Today, however, many businesses are asking staff to be more flexible than ever while the paperwork still reflects a very different workplace.

That creates risk.

And not just legal risk.

Poorly managed workplace change can quickly become a business continuity issue. Personal grievance claims, mediation costs, staff turnover, absenteeism, damaged morale, and production disruption all carry real financial consequences. In smaller manufacturing businesses, losing one experienced operator or supervisor can have a bigger operational impact than losing an entire department in a large corporate.

Reactive HR and Growing Risks

To be fair, most SME manufacturers are not intentionally ignoring compliance obligations. They are busy running factories, managing supply chains, dealing with rising costs, and trying to keep production moving.

HR often becomes reactive rather than strategic.

And that’s understandable.

Because let’s be honest; nobody starts a manufacturing business dreaming about disciplinary meetings or consultation documentation.

You start because you’re good at making things.

But employment law in New Zealand doesn’t really care whether you meant well.

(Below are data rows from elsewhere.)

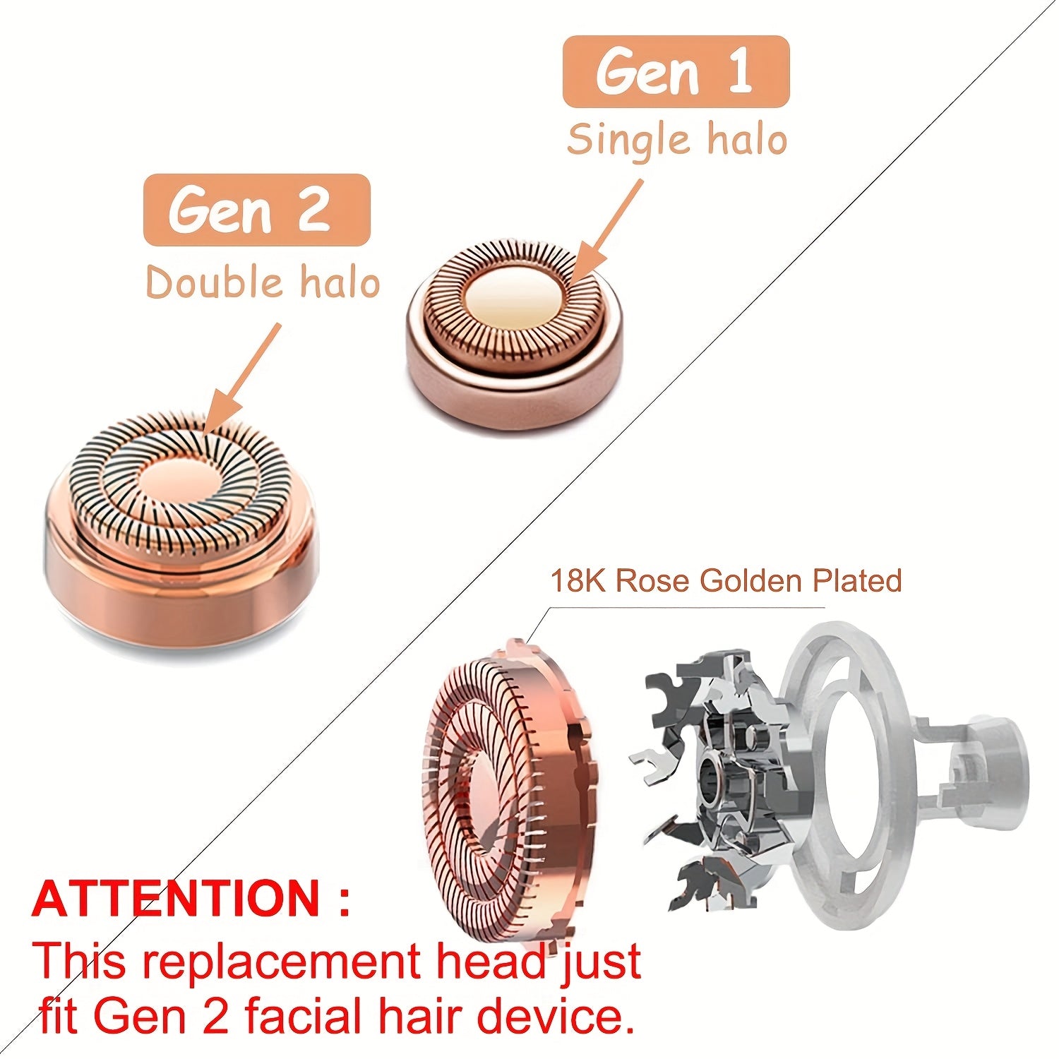 4pcs Facial Hair Remover Replacement Heads, Replacement Blades For Finishing Touch Flawless Generation 2 Hair Removal, Double Halo Painless And Gentle, For Women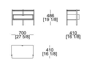 The Eros night group, consisting of a chest of drawers and bedside table, is characterized by the sophisticated dialogue between the different materials that compose it: metal, marble, wood.‎ The bronze painted metal oval diameter structure supports a precious marble support surface through a sophisticated recess inside which it is inserted.‎
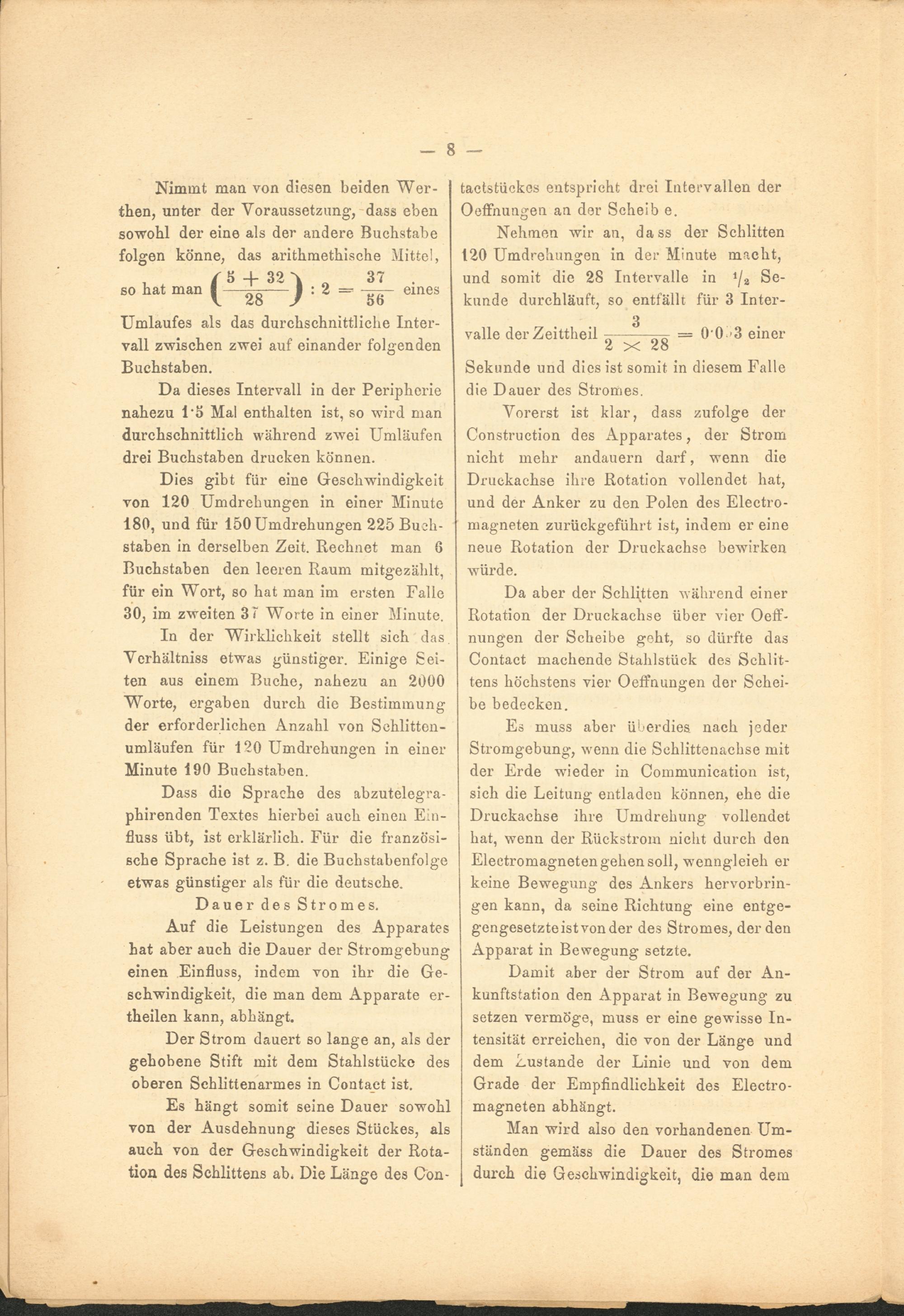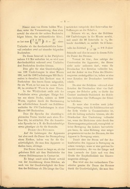 Dies gibt für eine Geschwindigkeit von 120 Umdrehungen in einer Minute 180, und für 150 Umdrehungen 225 Buchstaben in derselben Zeit. Rechnet man 6 Buchstaben den leeren Raum mitgezählt, für ein Wort, so hat man im ersten Falle 30, im zweiten 3T Worte in einer Minute.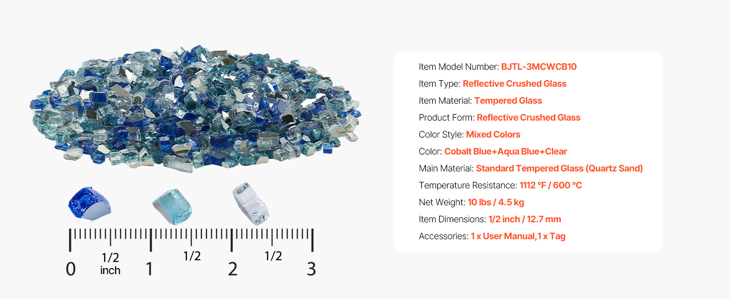 Sklenené kamene do krbu 10 lbs/4.5kg 1/2-inch/12.7mm kobalt+aqua+číra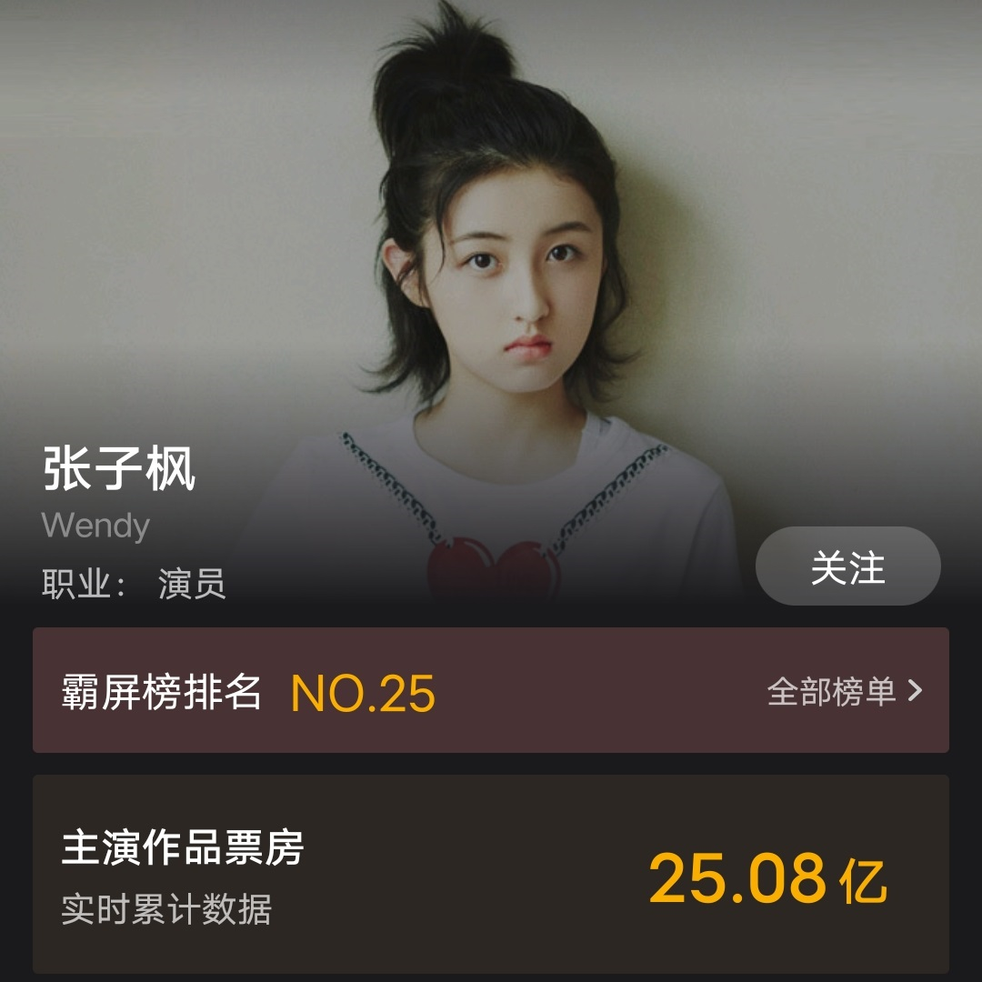 張子楓本身演技繼《唐人街探案》後再度得到肯定,在“00後”女演員中以電影主演作品累積票房超過25億的成績位列第二**,票房貢獻作品除《我的姐姐》之外,還有《快把我哥帶走》、《寵愛》等**,而第一名的“00後”女演員趙今麥則更多依靠一部46億票房的《流量地球》,獲得超過51億的電影主演作品累積票房,之後便轉戰電視劇領域,所以相比之下,今年陸續還有《秘密訪客》《盛夏未來》等電影作品的張子楓,身上所帶有的“電影”標籤更為清晰。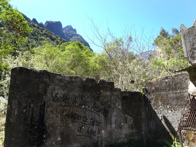 Le Bras Rouge prend naissance au fond d'un immense puits issu de l'effondrement du Piton des Neiges à l'origine de la formation des trois cirques. On voit très bien le lieu en montrant du Piton Carré mais le Parc National en interdit l'accès. Le point de vue de Cap Bouteille, moins bien situé mais plus officiel permet de s'approcher des remparts du cratère d'effondrement et de profiter du panorama malgré la végétation qui envahit les abords du rempart. Un bon coup de rein sera nécessaire au départ de cette courte randonnée pour arriver à l'Ilet des Salazes, situé au premier tiers du sentier du Col du Taïbit. L'itinéraire, souvent rocheux et glissant, ne posera plus guère de difficulté par la suite. La région traversée est sauvage et très peu fréquentée à partir du GRR1. Ne pas hésiter à effectuer une halte à l'Ilet des Salazes où l'association des Trois Salazes a installé un grand kiosque pour permettre aux marcheurs de déguster quelques spécialités culinaires dont d'excellentes tisanes 'péi'. Accueil chaleureux ... quand il y a quelqu'un !!! En regardant au sommet de l'arête, on comprend pourquoi l'îlet se nomme les Salazes. Les trois dents rocheuses sont en effet toujours visibles sur les panoramas ou depuis les points de vue. Le détour vers le premier point de vue, encore présent sur la carte, n'a plus guère d'intérêt puisque l'horizon y est bouché. Le sentier lui-même a presque disparu.

If a workplace process isn’t handled correctly, businesses can still find themselves exposed.

This becomes especially risky during periods of operational change. Shift redesigns, restructures, automation projects, and role changes all require careful communication and proper consultation under NZ employment law. Rushed conversations or “handshake arrangements” that worked twenty years ago are far less defensible in today’s environment.

There is also another growing challenge: frontline leadership capability.

Many manufacturing supervisors are excellent technically but have never been formally trained in people management. They can run a production line with military precision but may struggle with difficult conversations, documentation, or understanding consultation obligations.

That’s not criticism. It’s reality in many SMEs.

Practical HR as Risk Management

The good news is strong HR practices do not need to be overly corporate or complicated. Good HR is often simply good operational discipline applied to people.

Clear contracts. Consistent communication. Documented processes. Proper consultation. Managers who understand how to handle change professionally.

That’s not bureaucracy. That’s risk management.

At HR Today (www.hrtoday.co.nz), we are seeing more SME manufacturers looking for HR support that is practical, affordable, and accessible, not overly corporate or loaded with jargon. More importantly, businesses want HR support that understands their operation, their people, and their culture.

Because HR at the end of the phone is not always a solution.

Manufacturing businesses often need support that can be on-site when required, working alongside managers and business owners in real time. Whether it is navigating a difficult employee conversation, supporting a restructure process, helping a frontline leader manage performance issues, or simply understanding the pressures of a production environment, context matters.

Every manufacturing business has its own rhythm, personalities, and way of operating. Generic advice from someone who has never stepped foot on the factory floor rarely delivers the same outcome as practical support from someone who understands the realities of the business.

Because the reality is this: most business owners only truly appreciate HR after experiencing a serious workplace issue. By then, however, the cost is usually far greater than the investment required to get things right early.

You may not always like HR.

But when you need it, you really need it.